None of this worked.
Through trial and error, I discovered that I could trick the customization panel to stay on screen when the theme was in “live preview” mode. So I had to change my site’s theme to a different one and then I could make changes. Ugh. I put up with this oddness, because for me customizing a new theme was enough of a pain that I could tolerate temporary workarounds. Then, yesterday, I had enough.
They asked for more money
I got a friendly letter from the theme vendor (I had started with the free theme and upgraded to a paid theme with an annual fee). They wanted me to know that my premium support would run out at the end of February. I should make sure to reup!
It really didn’t seem like they had been maintaining the theme enough to deserve another payment. When I had tried to monkey with the theme by customizing it, I realized that the theme was doing a whole bunch of fancy stuff in its files that made it really hard for me, a mostly non-coder, to make changes to a child theme. Worst of all, when I went into the admin panel, the theme customization panel still blinked out. I would not repay for defective software. Bad timing on the theme developer’s part.
Simplify to See
I gradually fell out of love with my old theme, and then I suddenly jumped to a new one. I made the commitment yesterday afternoon and republished the site last night. This new theme has way fewer things to customize in its WYSIWYG editor/customization panel. This new theme does not have featured pages, sliders, or resize-on-hover image fun.
After removing sliders and featured pages from the homepage, I realized that the homepage copy was….weak, and I rewrote it. I had not noticed that before.
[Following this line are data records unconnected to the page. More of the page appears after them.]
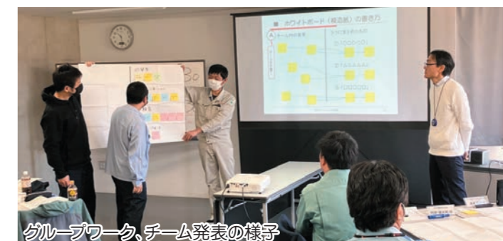
グループワーク、チーム発表の様子

今回は、高齢・障害・求職者雇用支援機構熊本支部 熊本職業能力開発促進センターおよび日本能率協会のご協力のもと、Dソリューション研究所様を講師としてお招きしました。講座では、ティーチングとコーチングの違いや、それらを活用した指導法・手法について学びました。
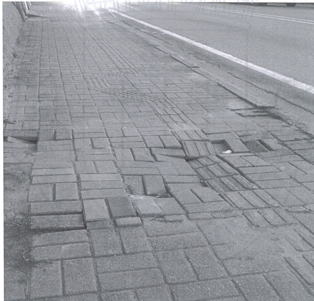
Em frente ao nº1244
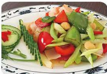
Stegt bladcelleri med rejer og macadamianødder Fried celery with shrimp and macadamia nuts
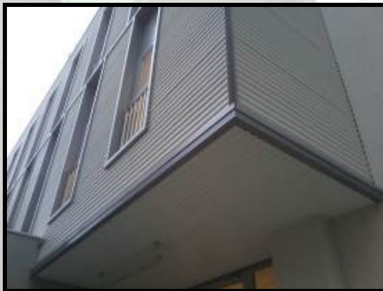
Montaj fatada din tabla sinus – Studio DIGI 24 Galati
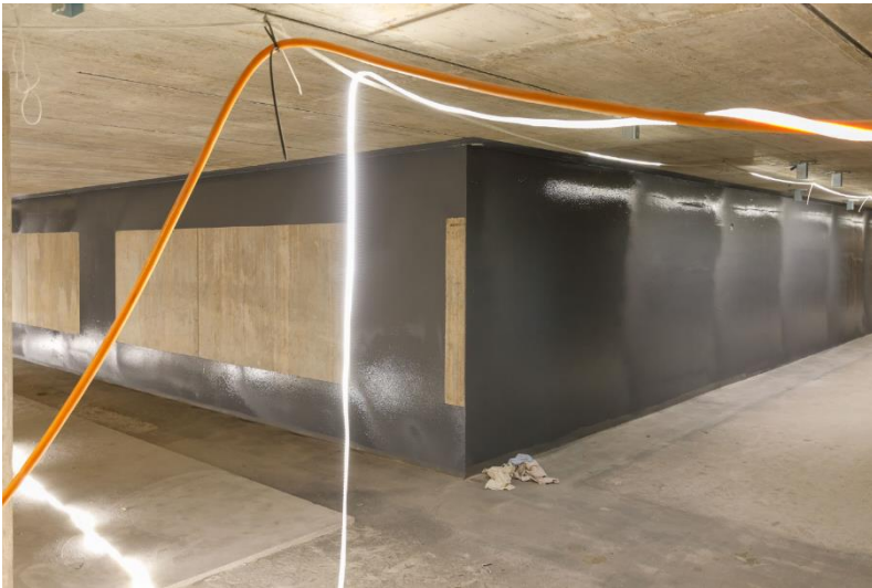
Abb.4: Zusätzliche innere Abdichtung im 5. Untergeschoss (Technik-Teilgeschoss) Foto: Derek Li Wan Po, Oktober 2024

Too much stuff cluttered the sidebar on interior pages, so I simplified the sidebar. The new layout and retouched copy, although less fancy and photo-filled, better emphasize what I am seeking now – new book projects.
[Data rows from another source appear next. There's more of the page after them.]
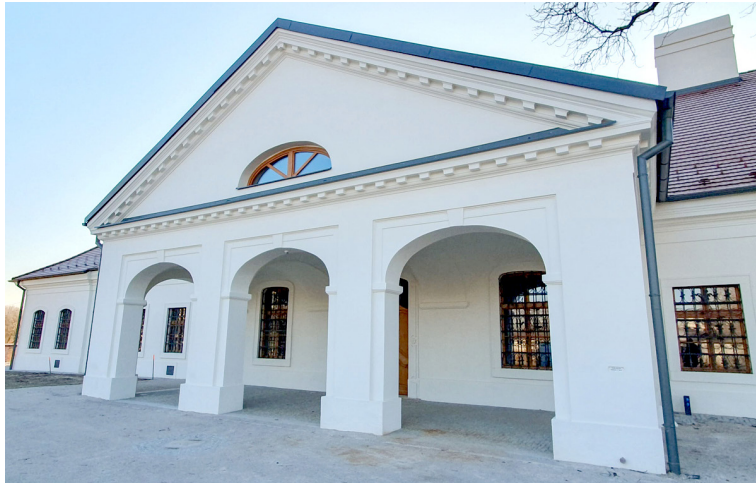
V čunovskom kaštieli našlo sídlo unikátne Ekocentrum.
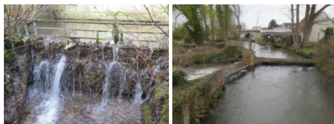
Seuil du moulin d'Aneuze

Plus d'infos sur notre site : www.smbvbreche.fr
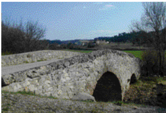
Le vieux pont de Mallabé*
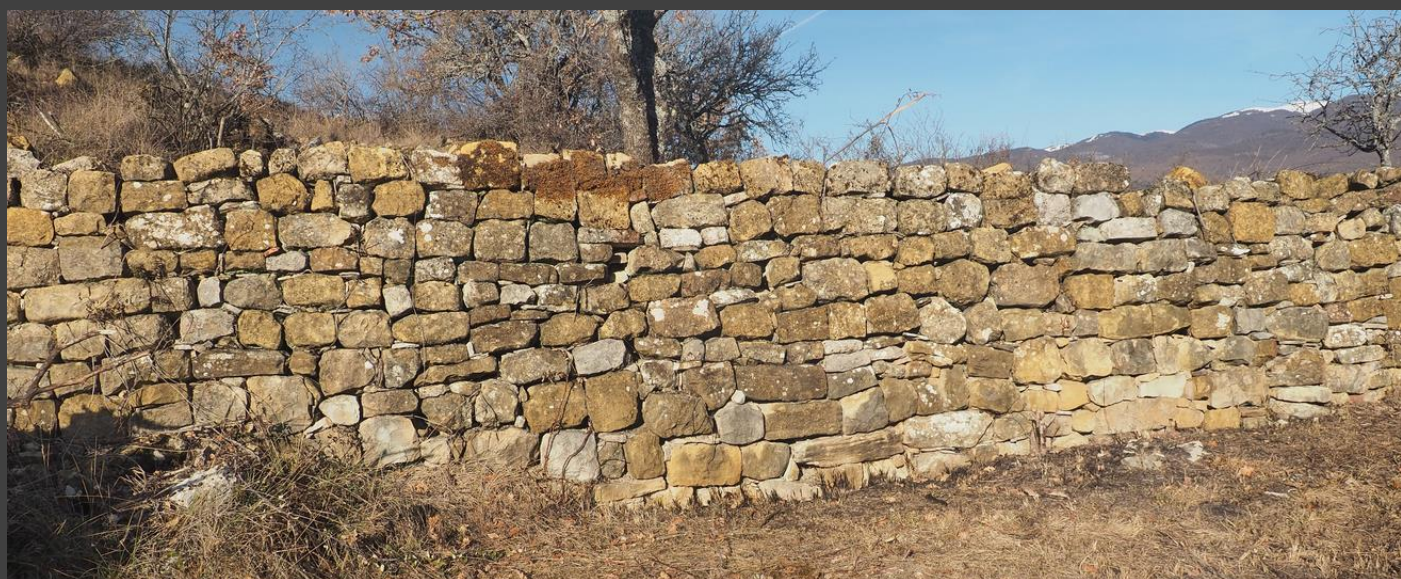
Remonté, il a fiere allure.

Durant cette période de restriction, la retranscription des anciens documents a continué. Actuellement, nous en sommes aux comptes-rendus des « conseils municipaux » des années 1744 / 1745.
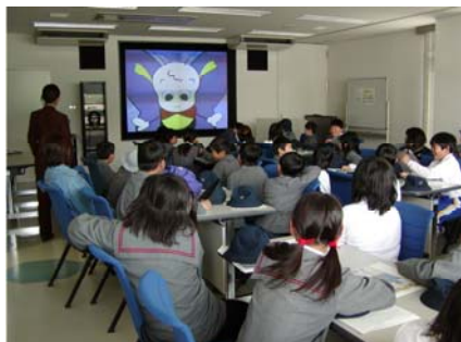
写真 6-3-1 芦田川見る視る館での子供学習

国全体の施策や方向に関するものから、生活に密着した防災、環境問題までバラエティに富んだ講座を「出前講座」として用意し、河川に関する学習を今後も支援します。

Under the hood, I was able to deploy Google Tag Manager directly (the old theme resisted my efforts). So now analytics tagging will also be simplified. Hooray!
The more minimal layout fits my personal style better. It’s also better suited to visitors on mobile devices. I loved the photo of the snow monkeys in the hot spring, but as cute as they are they were irrelevant to the real message. The one thing that I miss is the orange line at the very top of the page. You might see the orange line return….
What do You Think?
How do you like the new look? Clean and tidy? Or too simple/generic? Anything seem missing?